[Data extracted from a collection]

------------------------------------------------------------

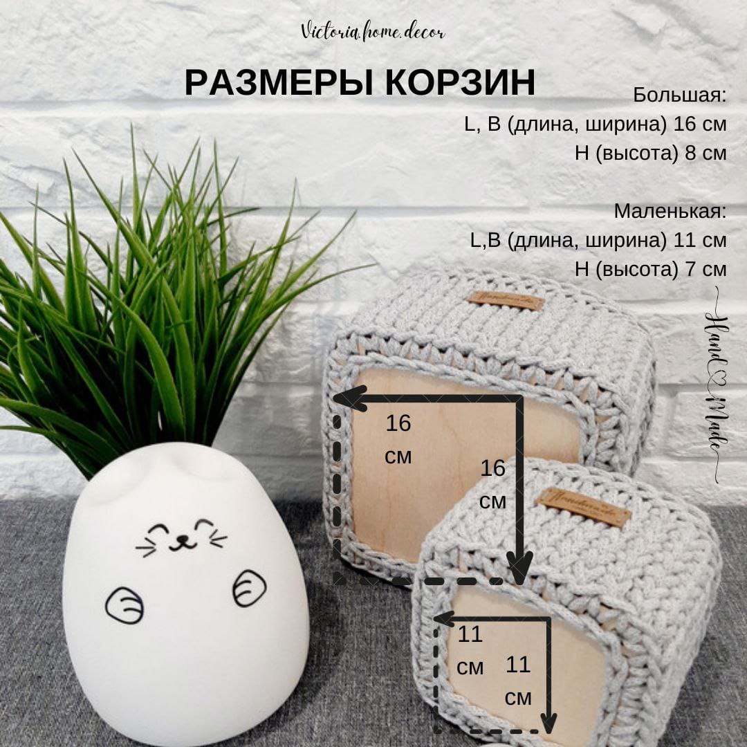Обратите внимание, что каждая корзина связана вручную, и допустима погрешность в +/- 0,5 см.
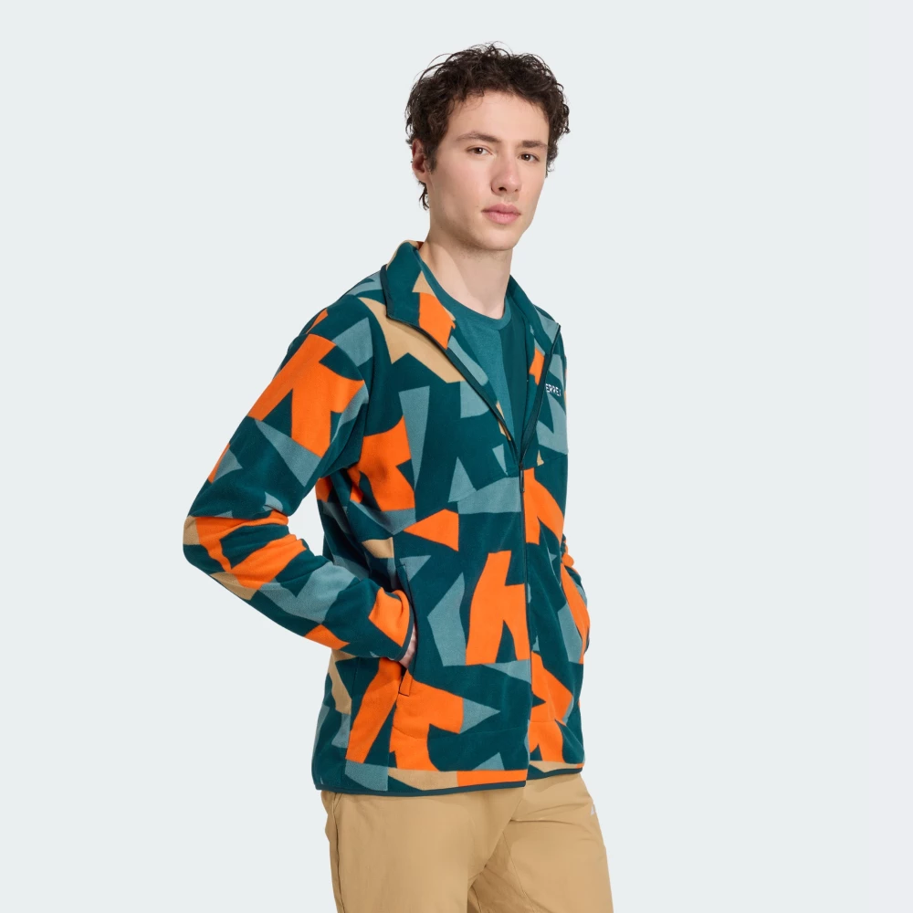 Колекція Adidas Terrex створена для тих, хто живе в ритмі природи та прагне досліджувати світ. У кожному елементі втілено інновації, надійність і турботу про комфорт, аби Ви могли почуватися впевнено у найрізноманітніших умовах — від прогулянки в лісі до підкорення нових маршрутів. Кофта Adidas Mt Aop Fz Fl — це втілення свободи та стилю для тих, хто живе в ритмі природи й не зупиняється перед жодними викликами. Вона створена для активних днів на свіжому повітрі — від захопливих гірських маршрутів до прогулянок вулицями міста. М’який фліс із ніжною текстурою зігріває у прохолодну погоду, забезпечуючи комфорт протягом усього дня. Класичний крій з еластичними манжетами гарантує зручну посадку, не обмежує рухів і дозволяє почуватися максимально вільно під час будь-яких активностей. Високий комір ефективно захищає шию від вітру, а зручна блискавка по всій довжині дає змогу швидко адаптуватися до змін погоди чи інтенсивності руху. Бічні кишені на блискавках стануть ідеальним місцем для необхідних дрібниць та дозволять зігріти руки під час відпочинку. Особливого характеру кофті додає абстрактний суцільний принт, який оживляє кожен образ і наповнює його енергією пригод. Завершує образ логотип Terrex — символ рішучості, натхнення та любові до активного способу життя. Adidas піклується про зниження впливу на довкілля, тому модель виготовлено з використанням перероблених матеріалів.
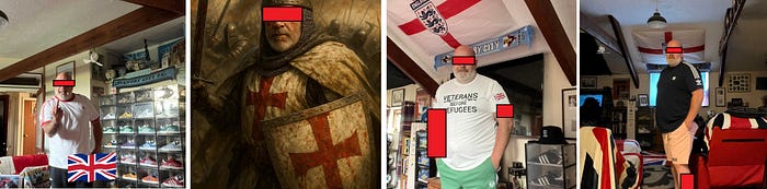 Going through some of the member’s pages on Facebook is some of the funniest viewing I have done. Some of them are complete caricatures. Several flags in one room. Sports memorabilia everywhere. Adidas covering their bodies and walls. Using AI to present themselves as saviours of the UK… Now notice here how I said, ‘some of them’, interesting innit?
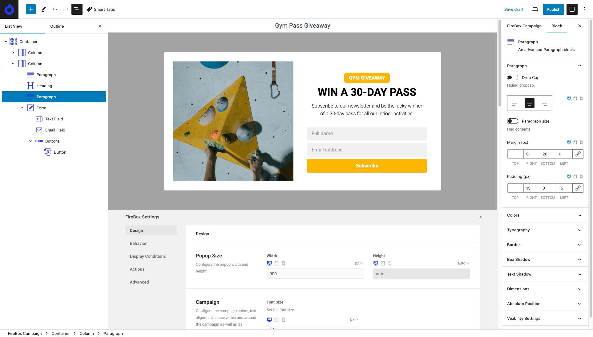 The easiest way to create an on-click popup is to use FireBox. This popup plugin for WordPress stands out due to its integration with the Gutenberg Editor. This allows you to effortlessly design and structure the content of your popups using the familiar block interface.
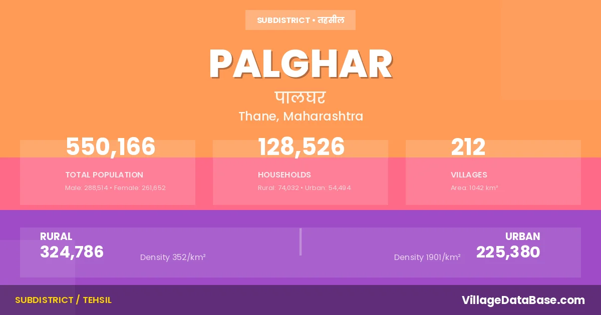 According to the 2011 census The total area of Palghar Tehsil is 1042 km², with a population of 550166 people. The population density is 528 inhabitants per square kilometre, and there are approximately 128526 houses in the sub district.
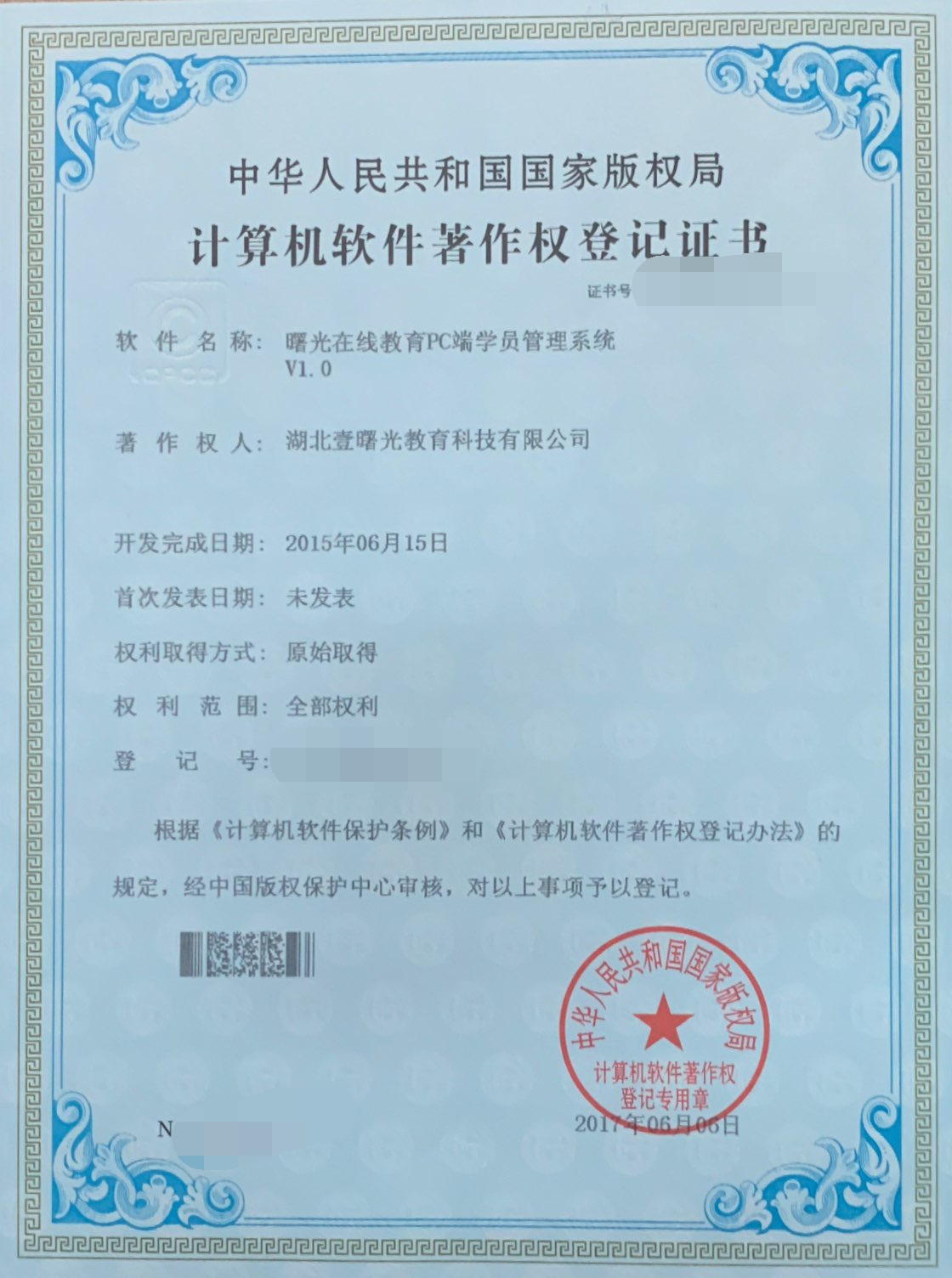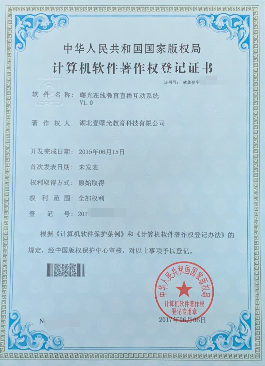 五個月以來,我公司詳細整理了所有已有軟件的相關資料,撰寫申請書等,于近日向湖北省版權局提交了八項軟件著作權的申請。截止目前,我公司共獲批兩項軟件著作權。本次獲批的兩項軟件著作權分別為曙光在線教育直播互動系統V1.0和曙光在線教育PC端學院管理系統V1.0。
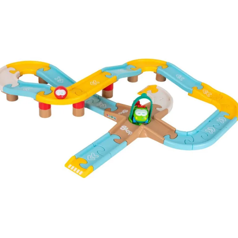 El asa de transporte es a la vez un elevador. Se incluyen dos coches. La altura del garaje con el elevador elevado es de 45 cm.
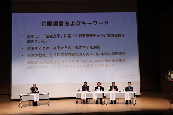式典に引き続き、「新観光学宣言 -新観光学教育の構想と実践」と題した記念シンポジウムを開催いたしました 。

------------------------------------------------------------

* [GOAL OF THE EXERCISE]: The records above should be returned exactly; no image belongs in the copy.

* [SOLUTION TO THIS PROBLEM]:
Обратите внимание, что каждая корзина связана вручную, и допустима погрешность в +/- 0,5 см.
 Колекція Adidas Terrex створена для тих, хто живе в ритмі природи та прагне досліджувати світ. У кожному елементі втілено інновації, надійність і турботу про комфорт, аби Ви могли почуватися впевнено у найрізноманітніших умовах — від прогулянки в лісі до підкорення нових маршрутів. Кофта Adidas Mt Aop Fz Fl — це втілення свободи та стилю для тих, хто живе в ритмі природи й не зупиняється перед жодними викликами. Вона створена для активних днів на свіжому повітрі — від захопливих гірських маршрутів до прогулянок вулицями міста. М’який фліс із ніжною текстурою зігріває у прохолодну погоду, забезпечуючи комфорт протягом усього дня. Класичний крій з еластичними манжетами гарантує зручну посадку, не обмежує рухів і дозволяє почуватися максимально вільно під час будь-яких активностей. Високий комір ефективно захищає шию від вітру, а зручна блискавка по всій довжині дає змогу швидко адаптуватися до змін погоди чи інтенсивності руху. Бічні кишені на блискавках стануть ідеальним місцем для необхідних дрібниць та дозволять зігріти руки під час відпочинку. Особливого характеру кофті додає абстрактний суцільний принт, який оживляє кожен образ і наповнює його енергією пригод. Завершує образ логотип Terrex — символ рішучості, натхнення та любові до активного способу життя. Adidas піклується про зниження впливу на довкілля, тому модель виготовлено з використанням перероблених матеріалів.
 Going through some of the member’s pages on Facebook is some of the funniest viewing I have done. Some of them are complete caricatures. Several flags in one room. Sports memorabilia everywhere. Adidas covering their bodies and walls. Using AI to present themselves as saviours of the UK… Now notice here how I said, ‘some of them’, interesting innit?
 The easiest way to create an on-click popup is to use FireBox. This popup plugin for WordPress stands out due to its integration with the Gutenberg Editor. This allows you to effortlessly design and structure the content of your popups using the familiar block interface.
 According to the 2011 census The total area of Palghar Tehsil is 1042 km², with a population of 550166 people. The population density is 528 inhabitants per square kilometre, and there are approximately 128526 houses in the sub district.
 五個月以來,我公司詳細整理了所有已有軟件的相關資料,撰寫申請書等,于近日向湖北省版權局提交了八項軟件著作權的申請。截止目前,我公司共獲批兩項軟件著作權。本次獲批的兩項軟件著作權分別為曙光在線教育直播互動系統V1.0和曙光在線教育PC端學院管理系統V1.0。
 El asa de transporte es a la vez un elevador. Se incluyen dos coches. La altura del garaje con el elevador elevado es de 45 cm.
式典に引き続き、「新観光学宣言 -新観光学教育の構想と実践」と題した記念シンポジウムを開催いたしました 。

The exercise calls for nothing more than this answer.